What is expected:
Without copying any picture, transcribe exactly the lines of the data below from the one containing "大码女装胖mm红色长款过膝棉衣棉服女秋冬装宽松加棉加厚棉袄外套" through the one containing "We are proud".

◆ ◆ ◆ ◆ ◆ ◆ ◆

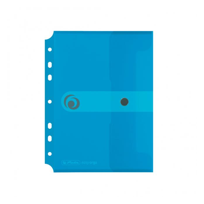 Plastové obaly Herlitz Easy Orga z priehľadného PP s uzatvárateľnou klopou s cvočkom a eurodierovaním. Formát A5, kapacita 200 listov. Farba priehľadná modrá.
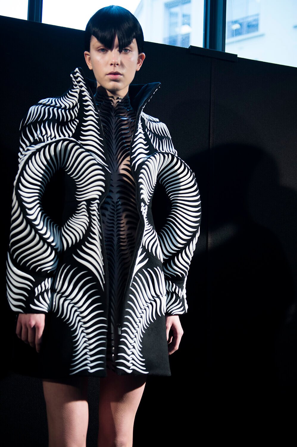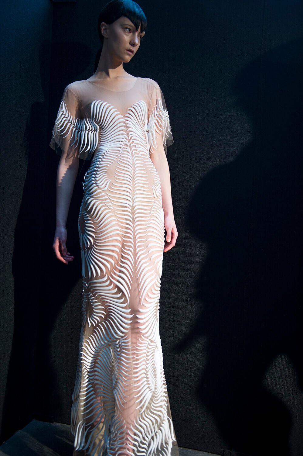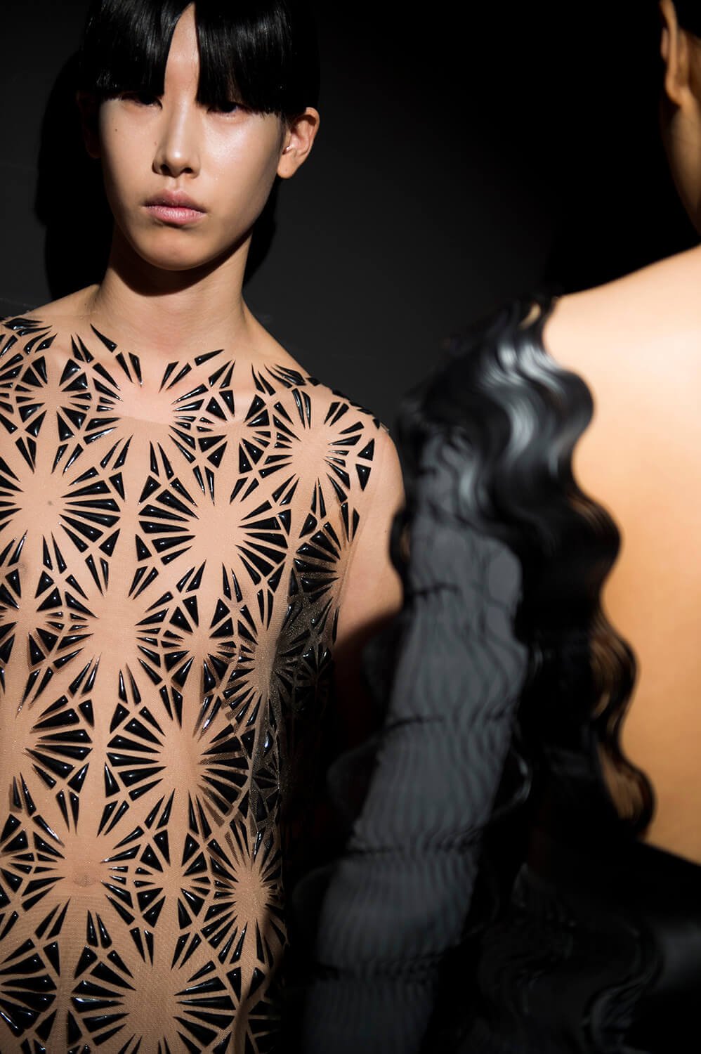 Made from processes we can’t quite understand (3D hand-casted PU fabrics and hand painted injection moulding? Huh?) so, with no time for a quick Wiki-tutorial, we shall instead enjoy Iris Van Herpen’s latest offering in a purely aesthetic way. Because this was, as Van Herpen is so adept, breathtaking fashions – clothing that looks as if it has been delivered to earth via space transportation, possibly from a distant utopia ruled entirely by powerful self-procreating women. Because this is a futuristic kind of beauty, instilled with a mythical power – clothes that make woman appear otherworldly, that almost live and breath – some layered like the back of an armadillo, others like they had been made from tiny droplets of water. Or those hypnotising, slinky-like curves. Final dress – a shimmering structure that looked something like a giant snowflake. Feels like we don’t even have a vocabulary for this. Clothing for the futuristic fashion fiend.
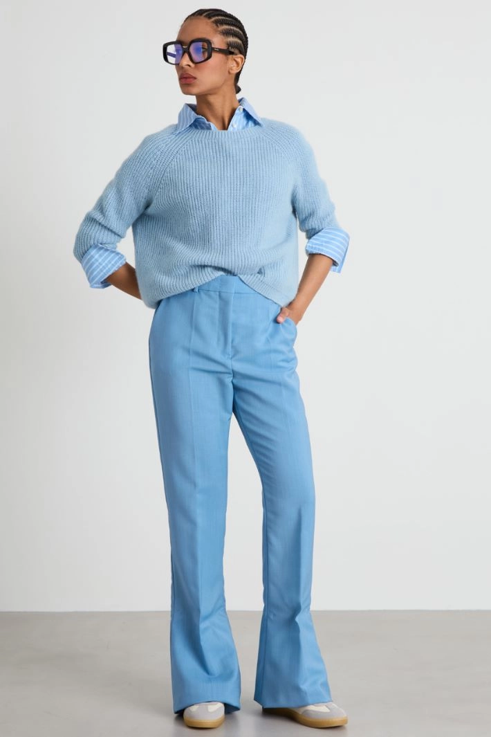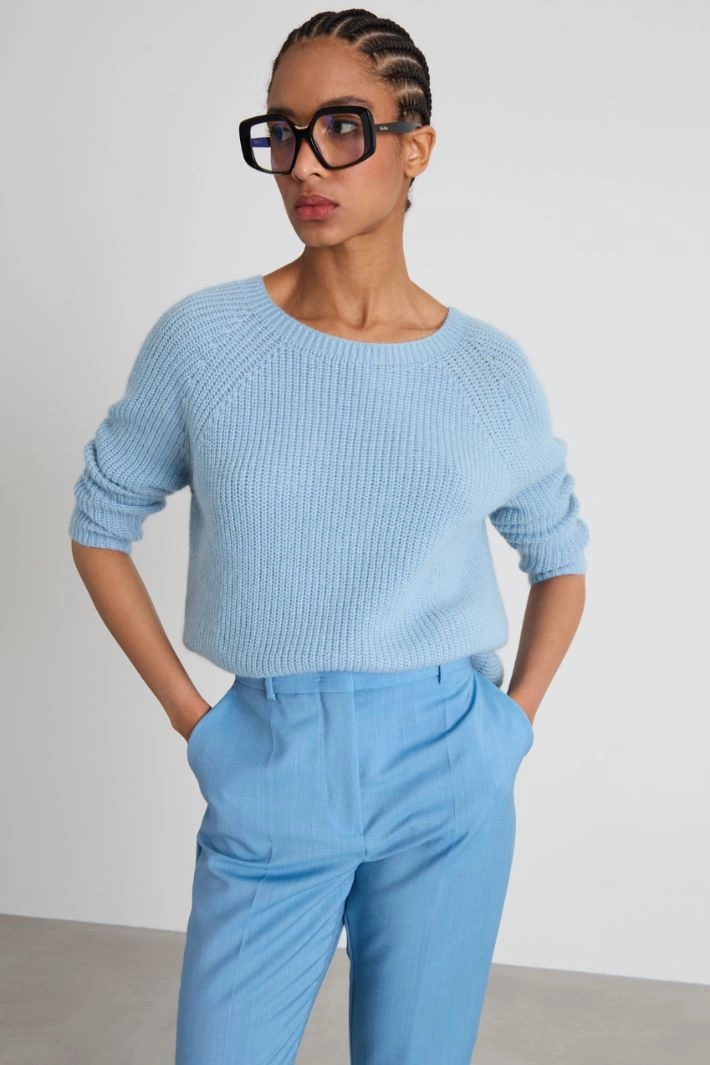 Regular-fit sweater in mohair blend yarn, with ribbed knit, crew neck and long raglan sleeves.
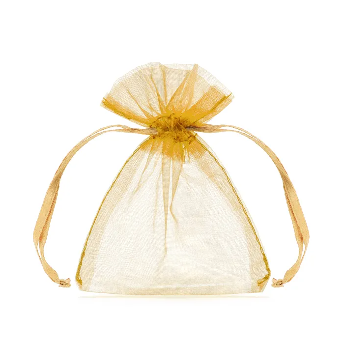 Drawstring bags made of smooth organza in gold, dimensions 7.5 x 10 cm. Perfect for wedding guests.(1 pack / 20 pcs.)
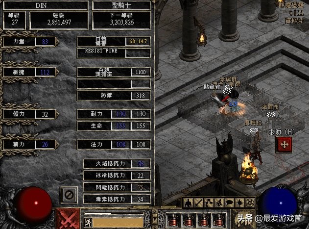 需要声明一点,由于我们所使用的圣骑士所以在开启了抗火光环之后,火焰抗性在短时间内得到了巨幅提升,在面对大菠萝时仅凭借两项抗性叠满就足以完美抵抗猩红闪电的伤害。
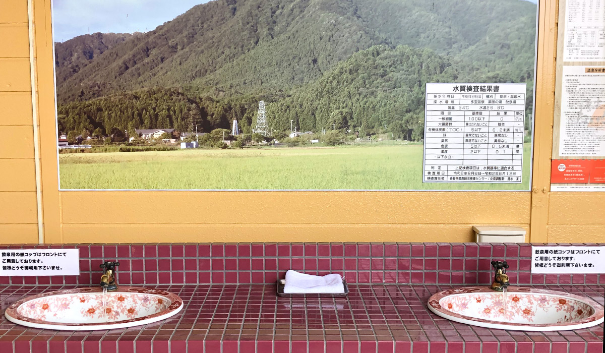 文字の通り温泉を飲むこと。胃腸や肝臓などに温泉の効能が直接作用する効果と、入浴と同じように全身に作用する効果の相乗効果が期待できる、健康法のひとつです。源泉からの距離や飲泉所の設置など、条件を満たしたものだけが飲用として認められています。
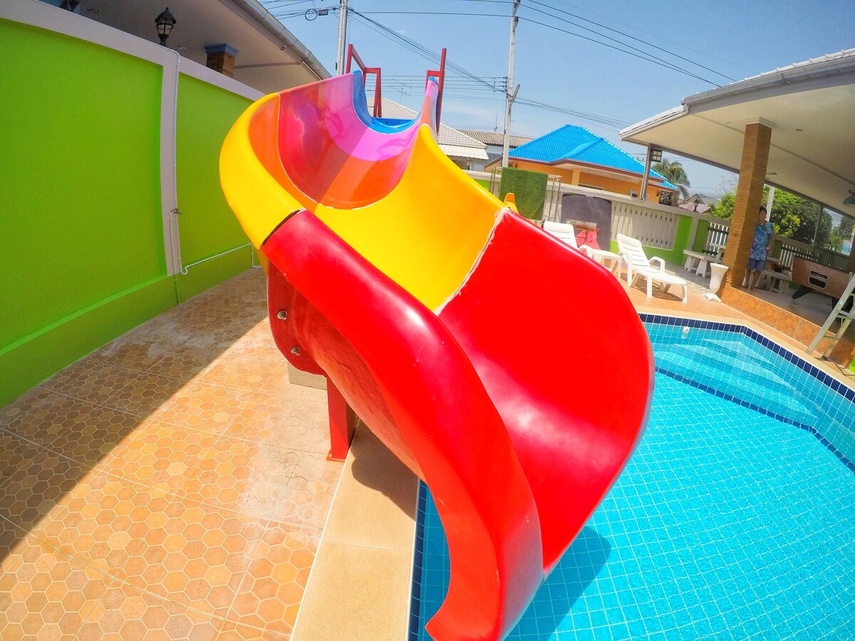 Baan Arthur, тиха і спокійна вілла з басейном, яка дозволить вам відчути себе як удома. > Приватна вілла для сім 'ї та друзів, яким дійсно потрібне тихе місце для розміщення (до 10 гостей). > Приватний басейн з гіркою та захисним обладнанням для дітей. > 55-дюймовий смарт-телевізор і караоке. > 2 в 1 басейн та повітряний хокей. > Доставка морепродуктів (як свіжих, так і приготованих) + доставка їжі + доставка 7-11. > 5 хвилин їзди до 7-11, 20-25 хвилин їзди до пляжу Чаам. > Цілодобова підтримка від команди господарів.
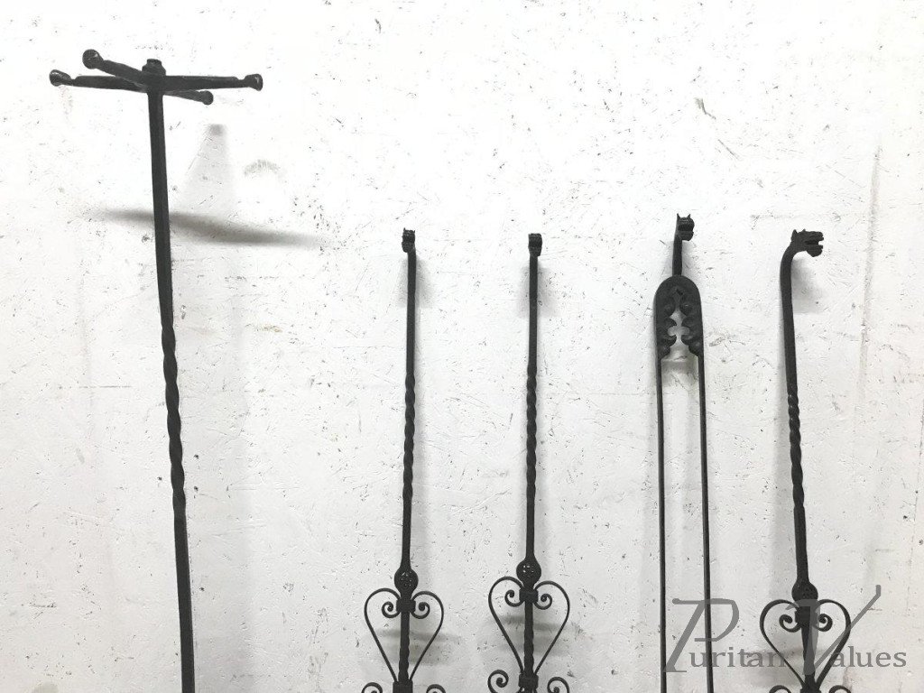 Set of Four Arts & Crafts Hand-Forged Iron Fire Utensils on a Matching Stand
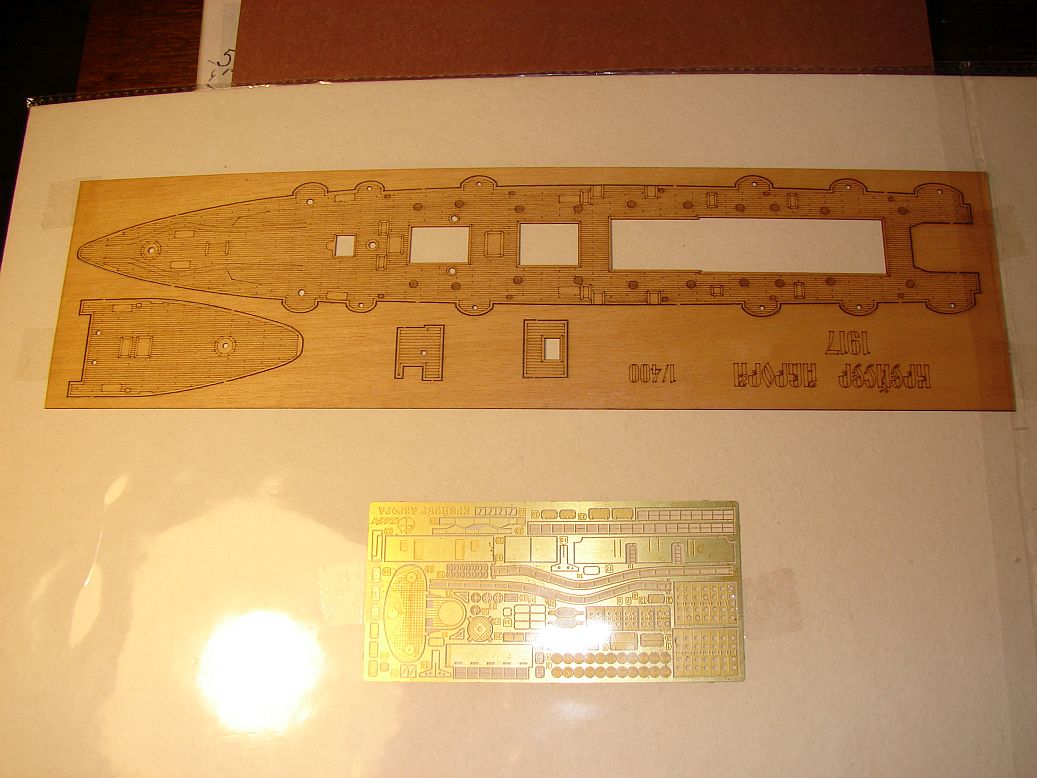 А дерпалуба от Эскадры впечатлила. Упакована очень солидно. Сделана на ощуп довольно качественно. Как ляжет, ясное дело, пока сказать не могу. К тому же есть травление, коим можно не только палубу облагородить, но и сделать кормовую надстройку на 1917 год. Мне это не шибко надо - в травле от МД это всё есть, но приятно. Лишнего травла не бывает.
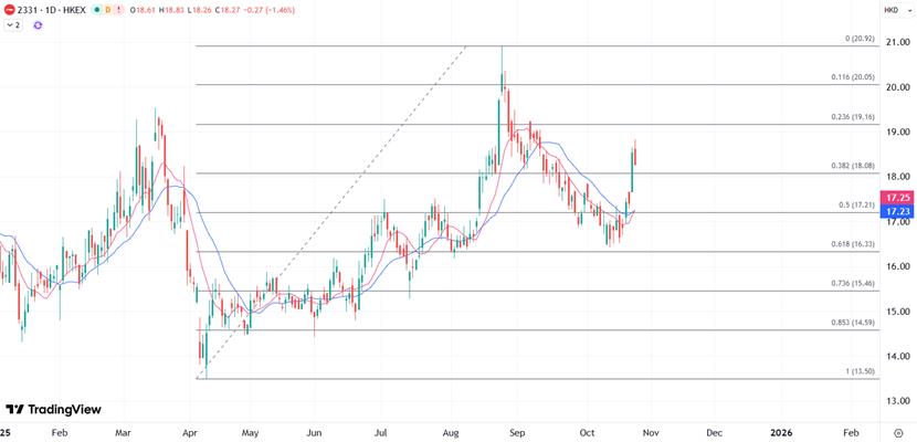 比如李宁入驻即时零售平台,对门店的拣货、打包效率和人员配置提出了更高要求。如果流程管理不当,可能会增加单店的运营成本。即时零售平台通常会收取一定的佣金,且促销活动可能更频繁,需要关注其对产品净利率的最终影响。李宁股价隔夜美股明显走高但今日港股走势未能跟进,刷新9月10日以来高位后回吐,如果日内收低于18港元,将面临跌至17.20港元的压力,届时关注日图主要均线形成的关键支撑。
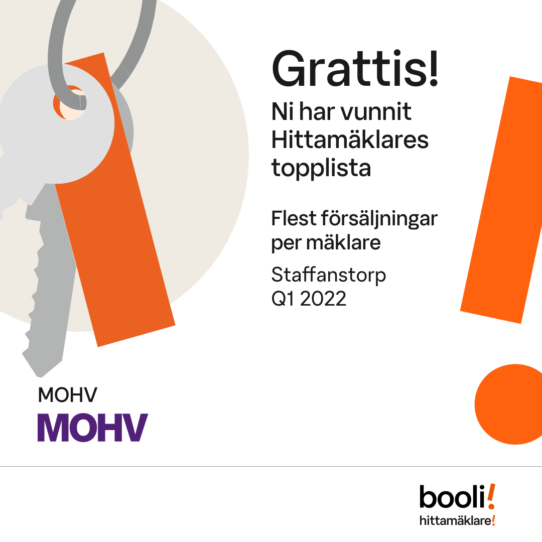 Statistik för publicerade bostäder, försäljningar och omdömen baseras på data från Booli och Hittamäklare. Statistiken för försäljningar avser inrapporterade och verifierade slutpriser från mäklare eller av Booli inhämtade och verifierade slutpriser. Statistiken för publicerade bostäder baseras på information som publicerats på Booli.se. Statistik för omdömen och rekommendationer baseras på omdömen från säljare som lämnats via Booli och Hittamäklare.
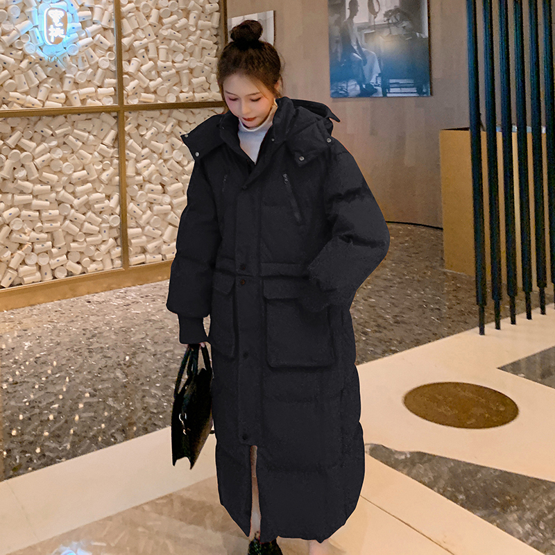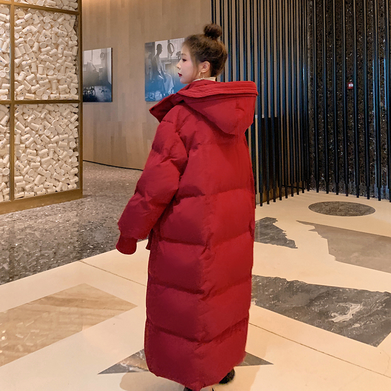 大码女装胖mm红色长款过膝棉衣棉服女秋冬装宽松加棉加厚棉袄外套
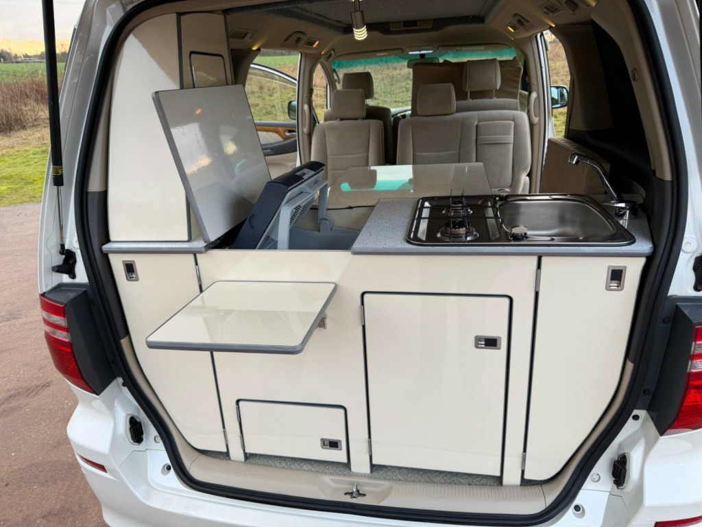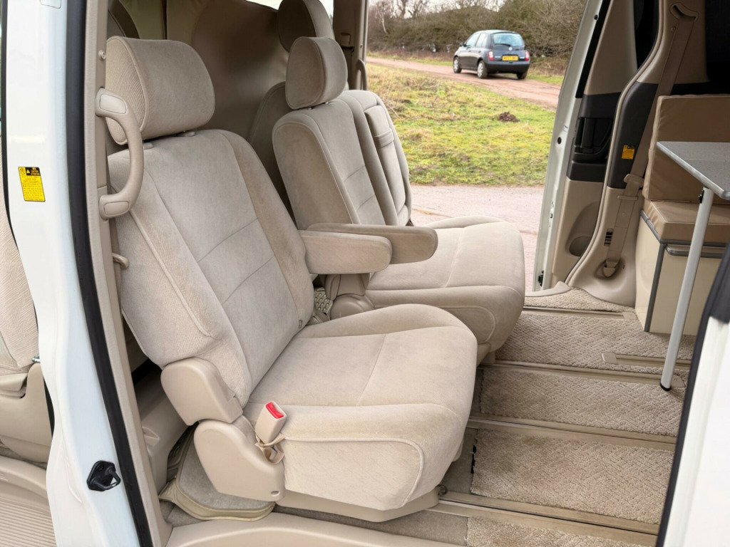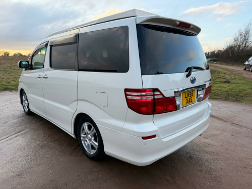 We are proud to offer this exceptional price range Toyota Alphard 2.4 Automatic Pop Roof Camper, 5 Seater, 4 Berth, only 91000 Miles with Japanese and English History, Imported in 2021, 2005 55 Reg, Not Imported by ourselves so I have provided a Clear Car VX Check (Jap HPi) showing its very good grade of 3.5, along with data and history, Camper Conversion carried out in the UK, All Jap and Uk Books Available with Both Keys, front and Rear Cameras, Drives very well, as I collected car and drove it 5 1/2 Hrs, Cruise Control, Air Con, DVD Player, Sink, Gas Hob with Bottle, Fridge, 240V Hook up with Lead, Leisure Battery, Plenty Of Storage, Multi Function Steering Wheel, 100W Inverter, Led Lighting, Privacy Glass with wind deflectors, Please see 100 Photos plus a detailed walk around video on my website www.sportsandprestigeoflichfield.co.uk Other Cars and campers available, PX No Problem.. 3x3 point rear seat belts, Air conditioning, Airbags, Alarm, CD Player, Central locking, Child locks & Isofix system, Cruise control, Alloy wheels, Electric door mirrors, Electric windows, Folding rear seats, Parking aid, Power steering, Remote central locking, Satellite navigation, Traction control. Part service history
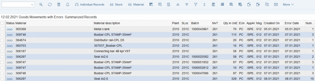 7. Material handling as well supply operation to Supply Area is done via SAP-EWM. EWM is the leading stock system which is not directly integrated in ERP. The synchrony of EWM and ERP stock must be monitored via SMQ2. Only the ok EWM movements which being transferred to ERP reduce the stock in ERP. Asynchronous stock lead to a wrong MRP and can cause run-out items.
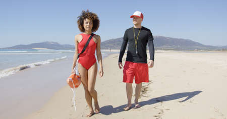 San Pedro de la Ribera, Spain - August 16, 2020: A couple of lifeguards from the public security services walk with the protective face mask on a beach in Asturias, in the middle of summer.
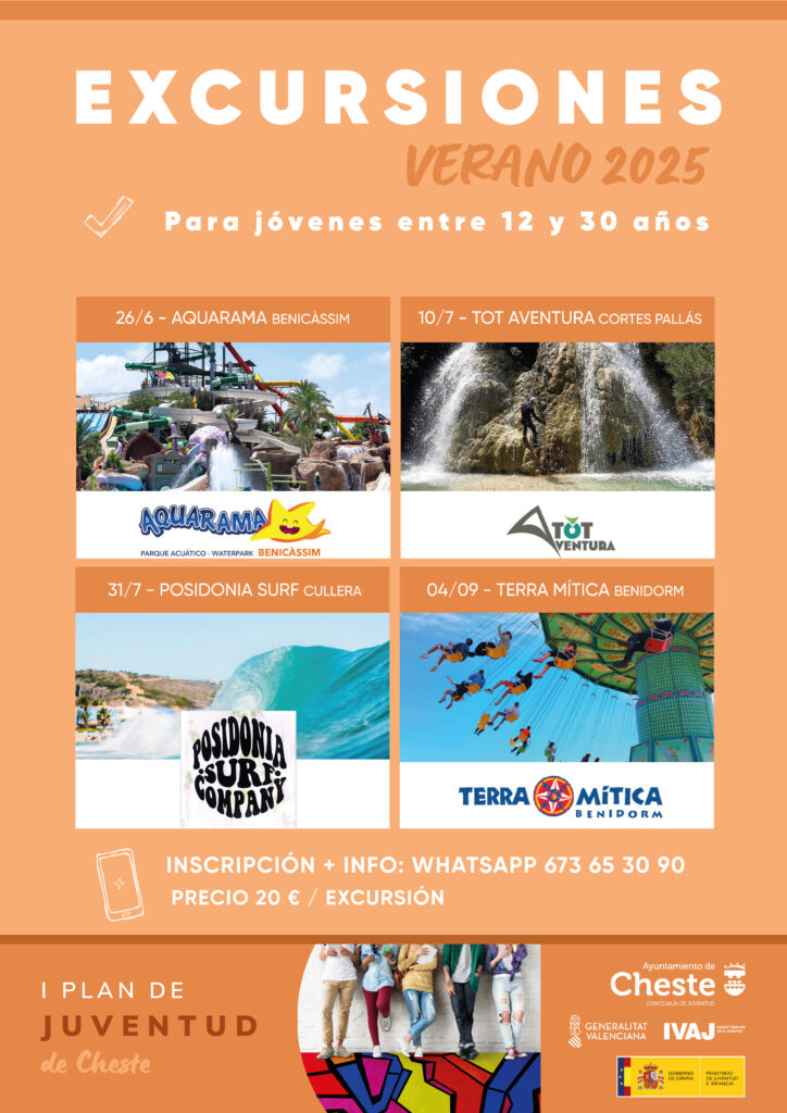El 26 de junio, jueves, la excursión será al parque acuático Aquarama, en Benicàssim; el 10 de julio, al parque multiaventura Tot Aventura, en Cortes de Pallás, y el 31 de julio, a la escuela de surf Posidonia, en Cullera. La última de todas se ha organizado con fecha de 4 de septiembre, y será a Terra Mítica, en Benidorm.

◆ ◆ ◆ ◆ ◆ ◆ ◆

Expected answer:
 大码女装胖mm红色长款过膝棉衣棉服女秋冬装宽松加棉加厚棉袄外套
 We are proud to offer this exceptional price range Toyota Alphard 2.4 Automatic Pop Roof Camper, 5 Seater, 4 Berth, only 91000 Miles with Japanese and English History, Imported in 2021, 2005 55 Reg, Not Imported by ourselves so I have provided a Clear Car VX Check (Jap HPi) showing its very good grade of 3.5, along with data and history, Camper Conversion carried out in the UK, All Jap and Uk Books Available with Both Keys, front and Rear Cameras, Drives very well, as I collected car and drove it 5 1/2 Hrs, Cruise Control, Air Con, DVD Player, Sink, Gas Hob with Bottle, Fridge, 240V Hook up with Lead, Leisure Battery, Plenty Of Storage, Multi Function Steering Wheel, 100W Inverter, Led Lighting, Privacy Glass with wind deflectors, Please see 100 Photos plus a detailed walk around video on my website www.sportsandprestigeoflichfield.co.uk Other Cars and campers available, PX No Problem.. 3x3 point rear seat belts, Air conditioning, Airbags, Alarm, CD Player, Central locking, Child locks & Isofix system, Cruise control, Alloy wheels, Electric door mirrors, Electric windows, Folding rear seats, Parking aid, Power steering, Remote central locking, Satellite navigation, Traction control. Part service history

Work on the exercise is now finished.